Exercise data Block Start

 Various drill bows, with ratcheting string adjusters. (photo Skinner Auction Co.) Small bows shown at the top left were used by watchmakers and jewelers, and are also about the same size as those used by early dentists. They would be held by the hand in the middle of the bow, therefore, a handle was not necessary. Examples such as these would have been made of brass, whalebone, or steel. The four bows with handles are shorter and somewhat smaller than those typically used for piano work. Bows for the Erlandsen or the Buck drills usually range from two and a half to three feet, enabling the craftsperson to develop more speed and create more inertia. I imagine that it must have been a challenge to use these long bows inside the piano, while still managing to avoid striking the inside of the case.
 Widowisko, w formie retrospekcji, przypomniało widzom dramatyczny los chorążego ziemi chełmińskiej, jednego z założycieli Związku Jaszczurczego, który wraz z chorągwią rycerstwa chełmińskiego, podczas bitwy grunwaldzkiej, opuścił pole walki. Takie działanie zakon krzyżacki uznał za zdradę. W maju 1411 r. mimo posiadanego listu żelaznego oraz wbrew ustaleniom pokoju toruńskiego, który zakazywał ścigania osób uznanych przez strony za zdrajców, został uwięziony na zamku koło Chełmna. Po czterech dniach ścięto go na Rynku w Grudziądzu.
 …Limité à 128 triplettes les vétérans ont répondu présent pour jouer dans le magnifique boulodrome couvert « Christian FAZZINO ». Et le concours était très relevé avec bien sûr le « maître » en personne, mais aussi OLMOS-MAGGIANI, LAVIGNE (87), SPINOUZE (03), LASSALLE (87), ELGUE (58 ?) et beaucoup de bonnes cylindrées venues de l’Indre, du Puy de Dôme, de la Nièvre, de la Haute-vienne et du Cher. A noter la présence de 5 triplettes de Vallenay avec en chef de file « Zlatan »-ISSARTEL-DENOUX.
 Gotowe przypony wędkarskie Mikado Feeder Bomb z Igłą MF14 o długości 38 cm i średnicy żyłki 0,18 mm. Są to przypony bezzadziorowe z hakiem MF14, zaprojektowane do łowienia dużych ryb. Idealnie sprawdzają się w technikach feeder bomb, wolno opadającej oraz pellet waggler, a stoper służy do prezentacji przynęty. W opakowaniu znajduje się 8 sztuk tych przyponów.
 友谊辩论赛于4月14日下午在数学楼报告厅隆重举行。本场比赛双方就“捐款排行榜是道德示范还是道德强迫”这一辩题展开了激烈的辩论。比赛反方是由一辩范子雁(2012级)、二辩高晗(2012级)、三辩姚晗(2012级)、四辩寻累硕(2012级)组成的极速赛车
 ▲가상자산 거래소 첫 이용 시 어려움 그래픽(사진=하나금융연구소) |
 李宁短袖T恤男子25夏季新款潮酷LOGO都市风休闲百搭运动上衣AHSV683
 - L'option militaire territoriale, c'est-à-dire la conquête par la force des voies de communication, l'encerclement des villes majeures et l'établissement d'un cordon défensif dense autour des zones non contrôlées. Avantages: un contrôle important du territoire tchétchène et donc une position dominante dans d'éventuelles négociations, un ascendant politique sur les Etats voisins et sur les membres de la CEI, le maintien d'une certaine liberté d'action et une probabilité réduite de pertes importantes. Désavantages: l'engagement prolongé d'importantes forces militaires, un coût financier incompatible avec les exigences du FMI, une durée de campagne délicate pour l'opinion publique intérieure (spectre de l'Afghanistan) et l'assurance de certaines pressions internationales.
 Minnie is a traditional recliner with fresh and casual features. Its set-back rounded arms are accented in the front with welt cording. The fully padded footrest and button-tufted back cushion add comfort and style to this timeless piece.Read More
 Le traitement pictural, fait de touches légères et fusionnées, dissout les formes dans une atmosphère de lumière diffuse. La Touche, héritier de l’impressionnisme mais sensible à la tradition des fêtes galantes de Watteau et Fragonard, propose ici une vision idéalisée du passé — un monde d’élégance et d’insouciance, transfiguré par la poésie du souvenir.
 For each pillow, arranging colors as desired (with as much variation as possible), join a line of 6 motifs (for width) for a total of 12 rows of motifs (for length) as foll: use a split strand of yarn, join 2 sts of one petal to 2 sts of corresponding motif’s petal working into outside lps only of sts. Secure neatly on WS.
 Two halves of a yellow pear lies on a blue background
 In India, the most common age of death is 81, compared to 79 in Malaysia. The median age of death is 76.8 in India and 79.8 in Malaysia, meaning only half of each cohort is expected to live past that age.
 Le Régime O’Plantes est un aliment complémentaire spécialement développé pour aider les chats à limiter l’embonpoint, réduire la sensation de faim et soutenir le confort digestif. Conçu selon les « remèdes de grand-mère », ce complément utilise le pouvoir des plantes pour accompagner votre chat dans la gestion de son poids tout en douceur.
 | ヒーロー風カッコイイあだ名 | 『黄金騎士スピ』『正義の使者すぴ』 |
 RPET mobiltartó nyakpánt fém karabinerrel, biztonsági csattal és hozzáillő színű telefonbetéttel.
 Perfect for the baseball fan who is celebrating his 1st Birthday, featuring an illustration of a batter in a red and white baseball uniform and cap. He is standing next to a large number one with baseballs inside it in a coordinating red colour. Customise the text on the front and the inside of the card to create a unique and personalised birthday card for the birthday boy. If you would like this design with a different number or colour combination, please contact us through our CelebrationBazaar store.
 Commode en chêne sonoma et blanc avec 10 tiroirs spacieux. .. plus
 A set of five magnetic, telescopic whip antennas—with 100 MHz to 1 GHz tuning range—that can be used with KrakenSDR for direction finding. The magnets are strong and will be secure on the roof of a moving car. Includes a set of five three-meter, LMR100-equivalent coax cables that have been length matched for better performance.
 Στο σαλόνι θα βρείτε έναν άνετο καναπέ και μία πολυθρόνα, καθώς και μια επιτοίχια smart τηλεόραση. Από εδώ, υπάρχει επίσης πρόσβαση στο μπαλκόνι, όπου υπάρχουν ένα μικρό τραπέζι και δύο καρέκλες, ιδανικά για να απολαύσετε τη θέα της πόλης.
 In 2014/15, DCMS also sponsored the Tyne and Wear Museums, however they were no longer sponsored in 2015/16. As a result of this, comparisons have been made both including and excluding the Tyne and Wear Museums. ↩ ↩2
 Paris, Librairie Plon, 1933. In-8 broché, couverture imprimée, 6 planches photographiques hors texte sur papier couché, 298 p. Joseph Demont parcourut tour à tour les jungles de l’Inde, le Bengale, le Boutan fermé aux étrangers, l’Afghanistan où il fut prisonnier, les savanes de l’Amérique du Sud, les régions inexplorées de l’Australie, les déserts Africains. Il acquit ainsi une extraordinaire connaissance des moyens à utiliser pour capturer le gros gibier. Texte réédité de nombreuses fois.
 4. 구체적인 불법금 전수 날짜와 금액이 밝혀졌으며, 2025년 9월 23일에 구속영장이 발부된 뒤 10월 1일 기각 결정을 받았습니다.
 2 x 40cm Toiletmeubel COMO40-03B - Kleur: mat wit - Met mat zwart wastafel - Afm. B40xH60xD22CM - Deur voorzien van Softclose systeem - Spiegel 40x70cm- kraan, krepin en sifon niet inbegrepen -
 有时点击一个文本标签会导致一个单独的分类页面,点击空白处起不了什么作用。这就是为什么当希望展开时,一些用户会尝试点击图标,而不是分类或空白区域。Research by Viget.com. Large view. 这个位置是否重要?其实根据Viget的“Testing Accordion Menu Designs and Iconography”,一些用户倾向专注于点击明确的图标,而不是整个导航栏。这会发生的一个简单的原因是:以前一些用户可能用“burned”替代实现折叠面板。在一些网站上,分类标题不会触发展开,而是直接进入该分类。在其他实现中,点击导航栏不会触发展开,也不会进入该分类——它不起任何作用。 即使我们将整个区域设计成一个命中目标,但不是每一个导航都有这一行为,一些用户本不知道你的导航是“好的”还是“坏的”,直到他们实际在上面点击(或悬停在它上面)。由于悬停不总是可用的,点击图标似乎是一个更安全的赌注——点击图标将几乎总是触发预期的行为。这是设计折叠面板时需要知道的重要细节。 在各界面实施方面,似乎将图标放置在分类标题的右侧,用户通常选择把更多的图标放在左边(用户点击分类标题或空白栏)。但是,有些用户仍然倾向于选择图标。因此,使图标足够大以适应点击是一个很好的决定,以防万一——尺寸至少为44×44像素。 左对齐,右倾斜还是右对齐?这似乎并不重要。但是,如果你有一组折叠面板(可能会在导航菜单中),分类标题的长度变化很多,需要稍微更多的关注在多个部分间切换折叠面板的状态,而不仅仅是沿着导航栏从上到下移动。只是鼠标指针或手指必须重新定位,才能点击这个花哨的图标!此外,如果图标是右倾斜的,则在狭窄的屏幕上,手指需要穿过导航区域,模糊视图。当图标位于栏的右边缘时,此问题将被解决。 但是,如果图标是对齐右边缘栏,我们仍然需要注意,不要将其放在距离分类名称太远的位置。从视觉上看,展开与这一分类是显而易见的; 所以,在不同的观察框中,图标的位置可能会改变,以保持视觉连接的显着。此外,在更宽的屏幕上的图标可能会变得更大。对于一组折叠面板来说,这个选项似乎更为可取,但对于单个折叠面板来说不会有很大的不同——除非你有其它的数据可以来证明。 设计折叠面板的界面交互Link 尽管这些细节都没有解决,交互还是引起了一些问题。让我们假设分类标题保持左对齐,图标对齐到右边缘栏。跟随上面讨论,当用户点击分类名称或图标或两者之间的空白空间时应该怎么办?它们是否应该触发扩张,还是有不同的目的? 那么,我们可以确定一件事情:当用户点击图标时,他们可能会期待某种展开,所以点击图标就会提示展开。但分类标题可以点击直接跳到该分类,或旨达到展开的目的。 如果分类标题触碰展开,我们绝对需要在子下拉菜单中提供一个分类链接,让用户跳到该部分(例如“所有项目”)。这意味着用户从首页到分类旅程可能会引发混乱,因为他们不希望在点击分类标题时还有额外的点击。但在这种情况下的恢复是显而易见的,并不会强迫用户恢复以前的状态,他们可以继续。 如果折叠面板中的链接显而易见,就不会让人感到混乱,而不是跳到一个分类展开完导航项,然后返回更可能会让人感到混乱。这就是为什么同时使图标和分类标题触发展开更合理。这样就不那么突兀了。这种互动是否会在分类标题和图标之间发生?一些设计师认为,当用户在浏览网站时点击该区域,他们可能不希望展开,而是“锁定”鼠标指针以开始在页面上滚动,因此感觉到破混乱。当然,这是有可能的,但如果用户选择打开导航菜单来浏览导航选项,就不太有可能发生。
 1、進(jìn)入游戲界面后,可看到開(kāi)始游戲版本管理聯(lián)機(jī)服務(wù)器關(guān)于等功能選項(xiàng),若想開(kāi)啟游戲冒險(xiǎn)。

Exercise data Block End

### What the exercise asks
Which lines above run from the one containing "Two halves of" to the one containing "In India, the"? Give them again exactly, both ends included.

### Exercise solution
 Two halves of a yellow pear lies on a blue background
 In India, the most common age of death is 81, compared to 79 in Malaysia. The median age of death is 76.8 in India and 79.8 in Malaysia, meaning only half of each cohort is expected to live past that age.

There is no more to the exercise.